Working data:
* * * * * * *

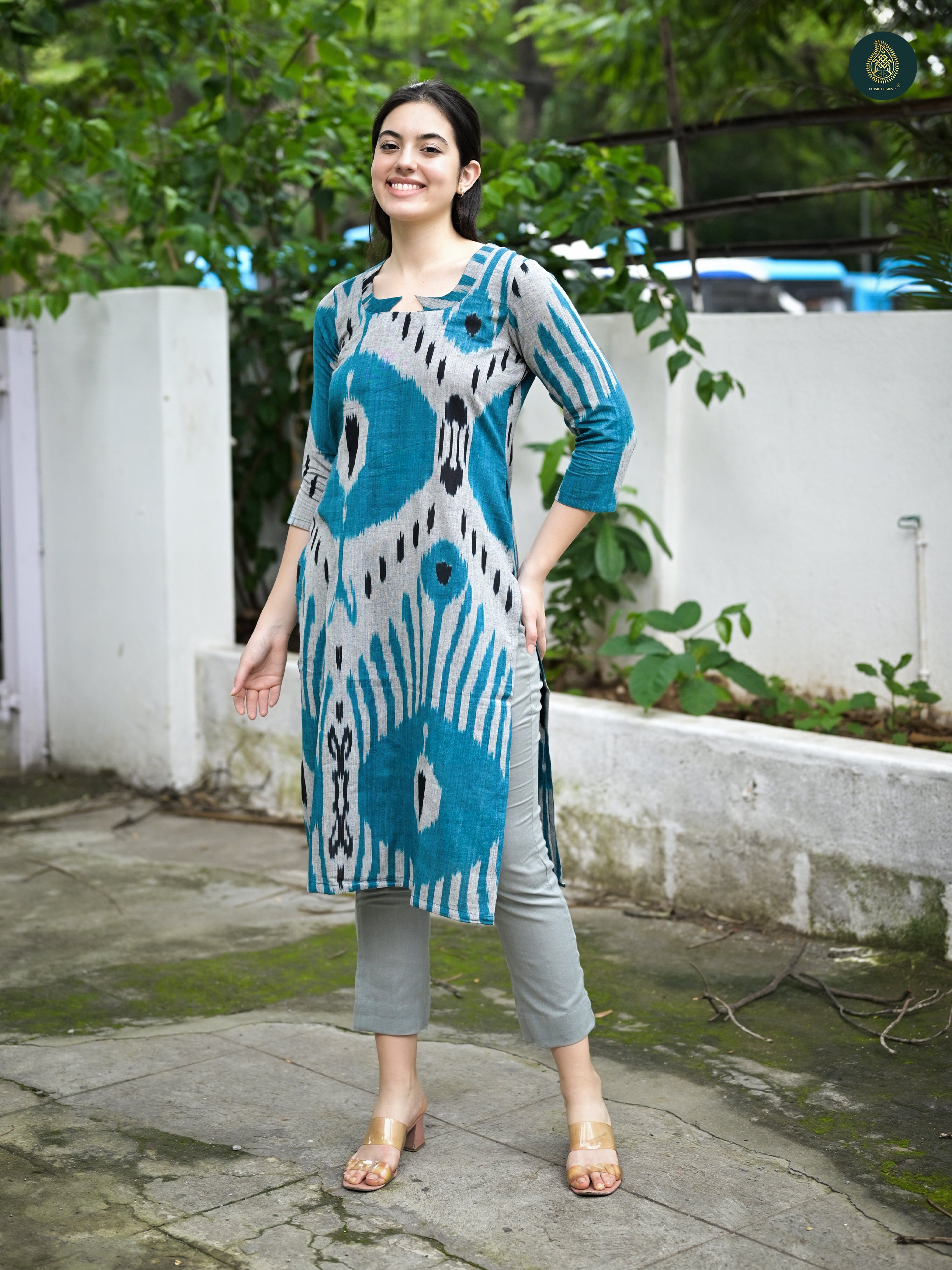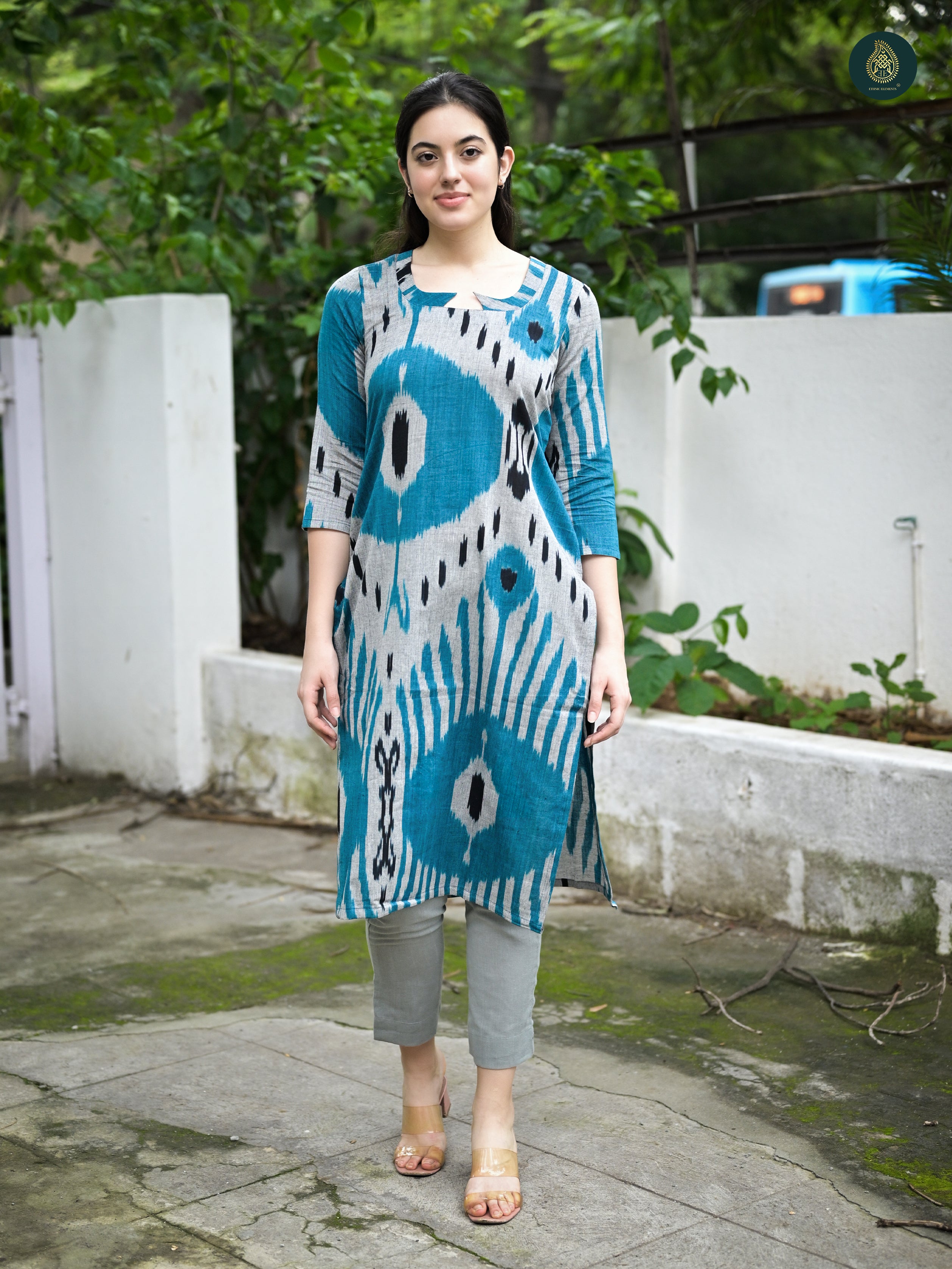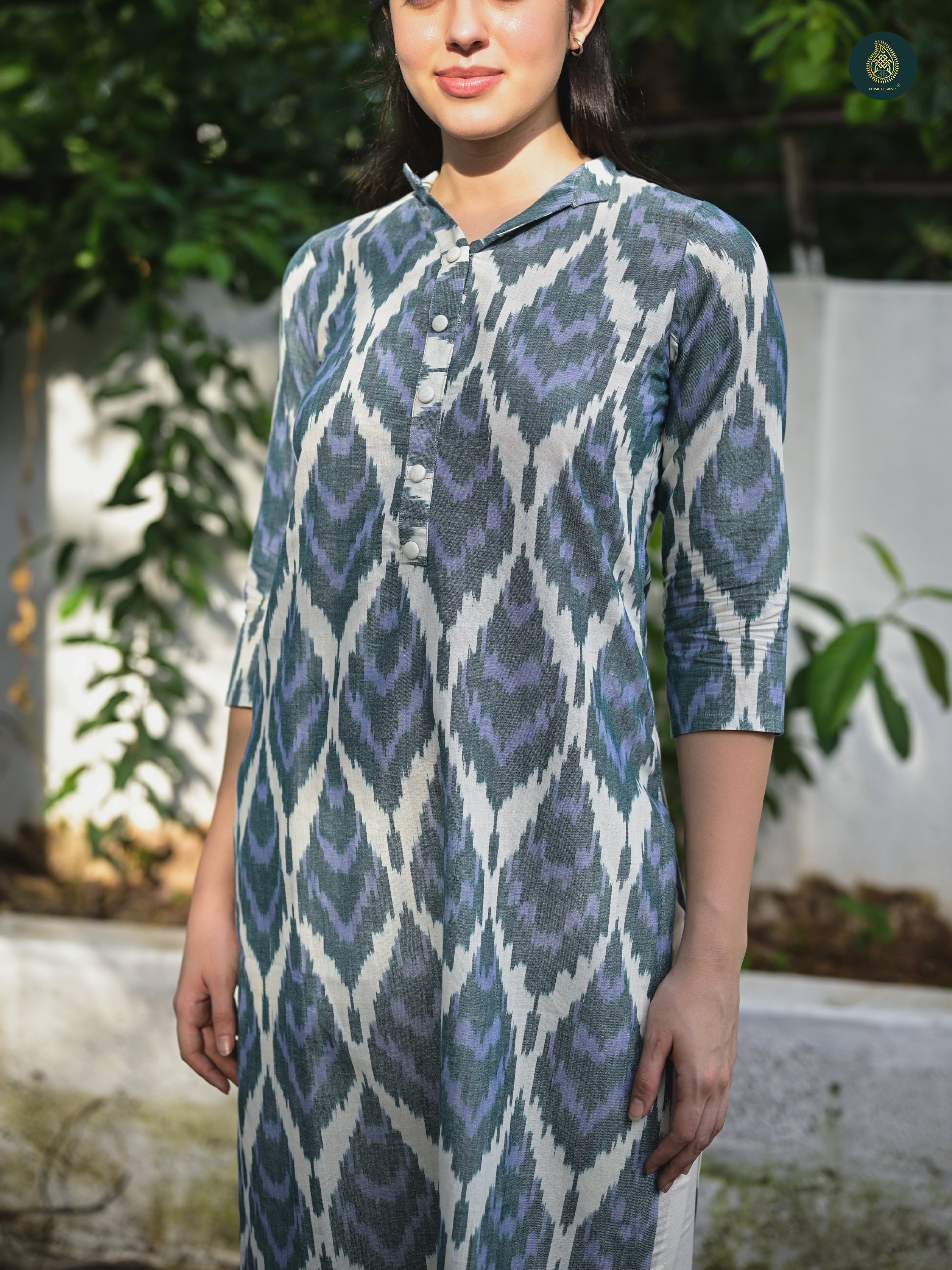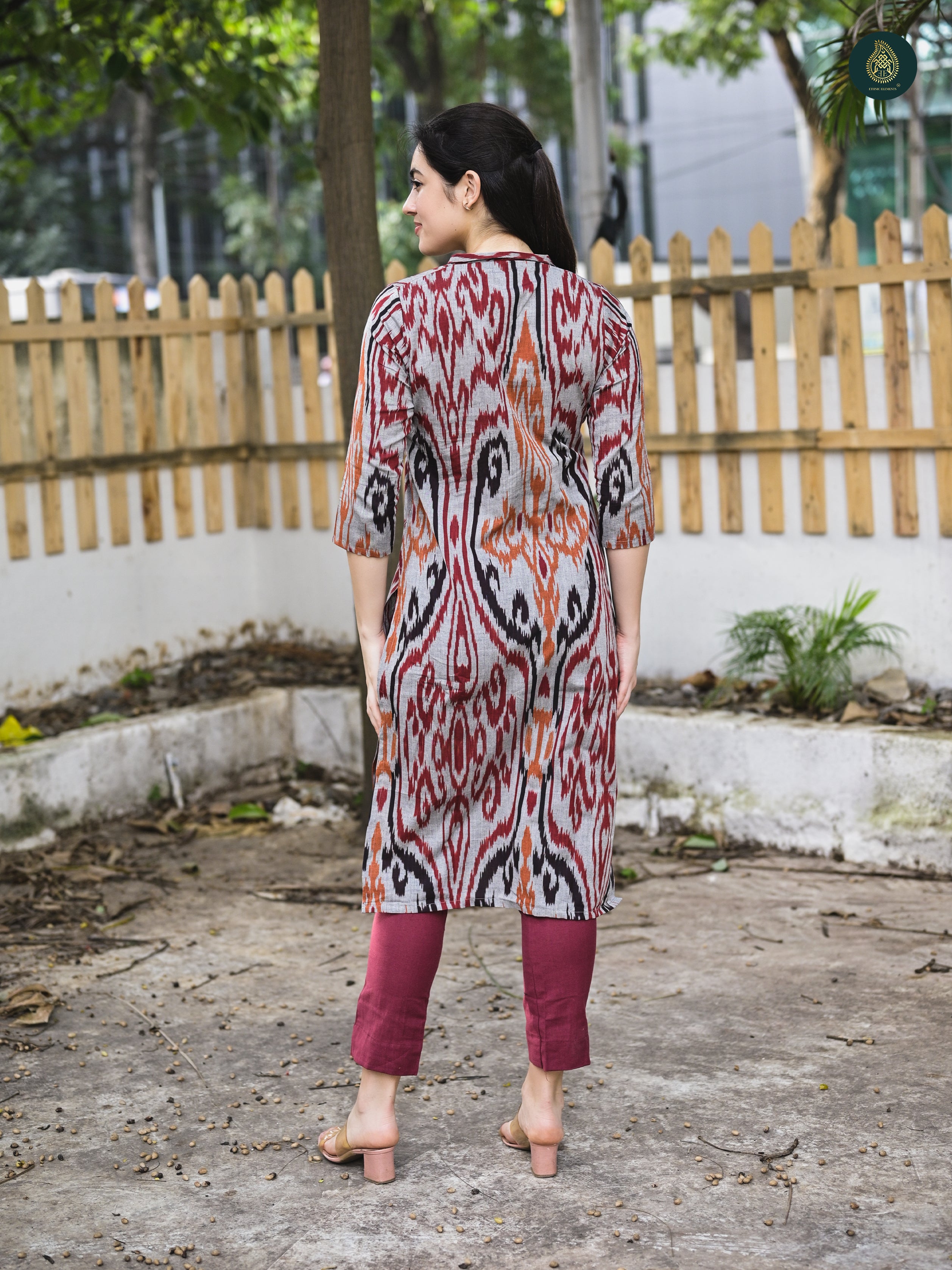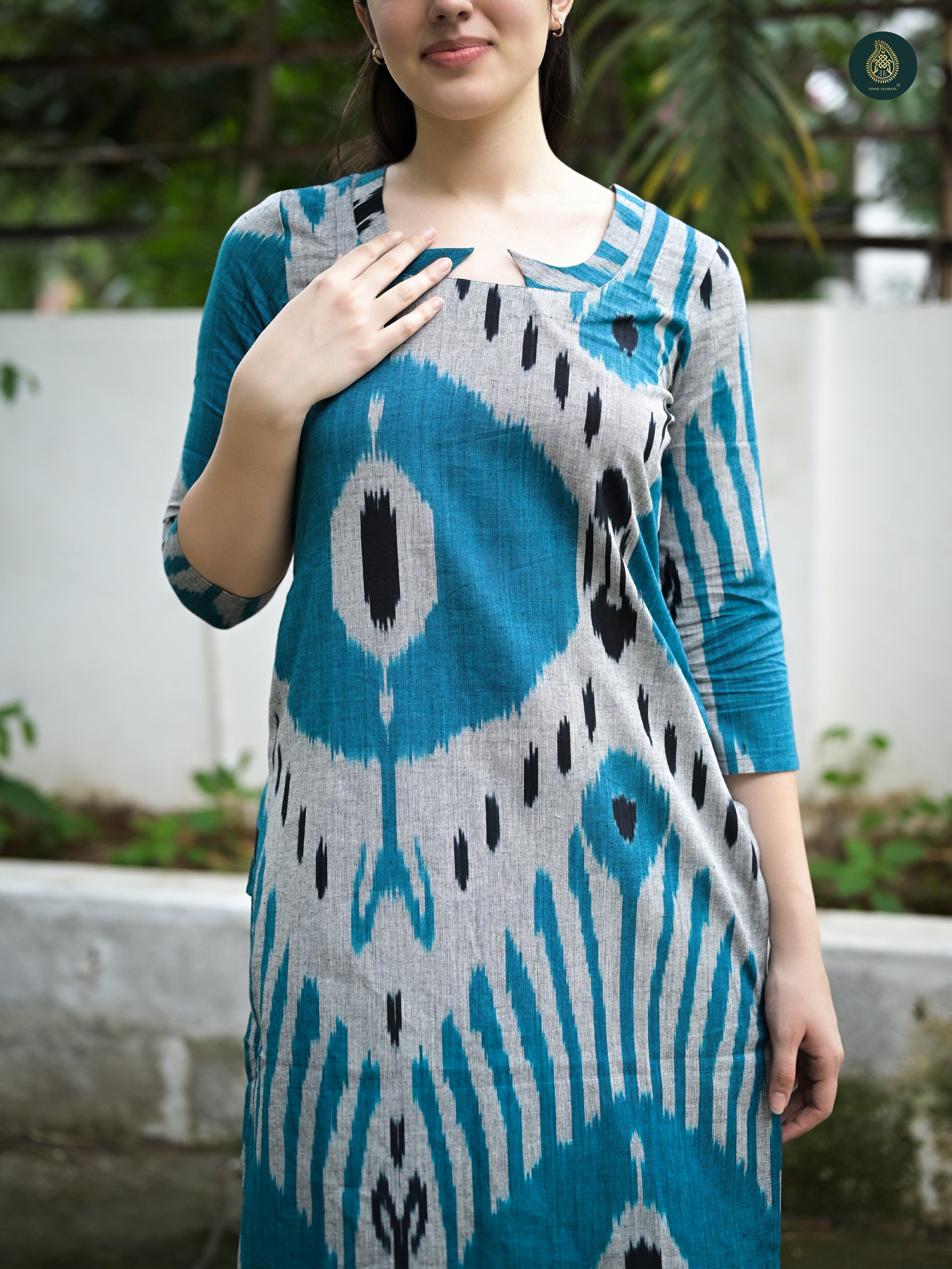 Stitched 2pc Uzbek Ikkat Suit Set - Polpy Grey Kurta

* * * * * * *

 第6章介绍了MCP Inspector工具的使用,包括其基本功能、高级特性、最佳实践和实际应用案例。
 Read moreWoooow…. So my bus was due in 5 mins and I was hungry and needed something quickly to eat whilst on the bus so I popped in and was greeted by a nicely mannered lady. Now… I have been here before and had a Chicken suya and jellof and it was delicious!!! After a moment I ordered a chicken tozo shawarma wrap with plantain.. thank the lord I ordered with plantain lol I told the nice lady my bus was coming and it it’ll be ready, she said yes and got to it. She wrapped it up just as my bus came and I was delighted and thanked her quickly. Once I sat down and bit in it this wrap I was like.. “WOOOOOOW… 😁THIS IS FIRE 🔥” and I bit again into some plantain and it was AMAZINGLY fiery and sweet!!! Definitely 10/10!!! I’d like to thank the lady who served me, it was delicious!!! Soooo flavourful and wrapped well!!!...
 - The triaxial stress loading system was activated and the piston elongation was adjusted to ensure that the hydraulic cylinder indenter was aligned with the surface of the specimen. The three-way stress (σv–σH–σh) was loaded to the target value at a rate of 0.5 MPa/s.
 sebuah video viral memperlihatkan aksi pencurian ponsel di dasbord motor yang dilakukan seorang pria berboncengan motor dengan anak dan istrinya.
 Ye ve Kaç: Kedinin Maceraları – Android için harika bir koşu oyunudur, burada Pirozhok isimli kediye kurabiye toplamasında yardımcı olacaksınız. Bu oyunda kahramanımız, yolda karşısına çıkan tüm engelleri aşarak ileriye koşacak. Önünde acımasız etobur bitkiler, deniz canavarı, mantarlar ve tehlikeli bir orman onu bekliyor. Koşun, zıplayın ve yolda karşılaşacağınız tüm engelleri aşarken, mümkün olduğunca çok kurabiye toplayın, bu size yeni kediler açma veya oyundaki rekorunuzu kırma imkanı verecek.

* * * * * * *

Directions for this task:
From the records above, copy only the lines starting with the line that holds "- The triaxial" and going on through the line that holds "sebuah video viral", exactly as written.

Your solution:
 - The triaxial stress loading system was activated and the piston elongation was adjusted to ensure that the hydraulic cylinder indenter was aligned with the surface of the specimen. The three-way stress (σv–σH–σh) was loaded to the target value at a rate of 0.5 MPa/s.
 sebuah video viral memperlihatkan aksi pencurian ponsel di dasbord motor yang dilakukan seorang pria berboncengan motor dengan anak dan istrinya.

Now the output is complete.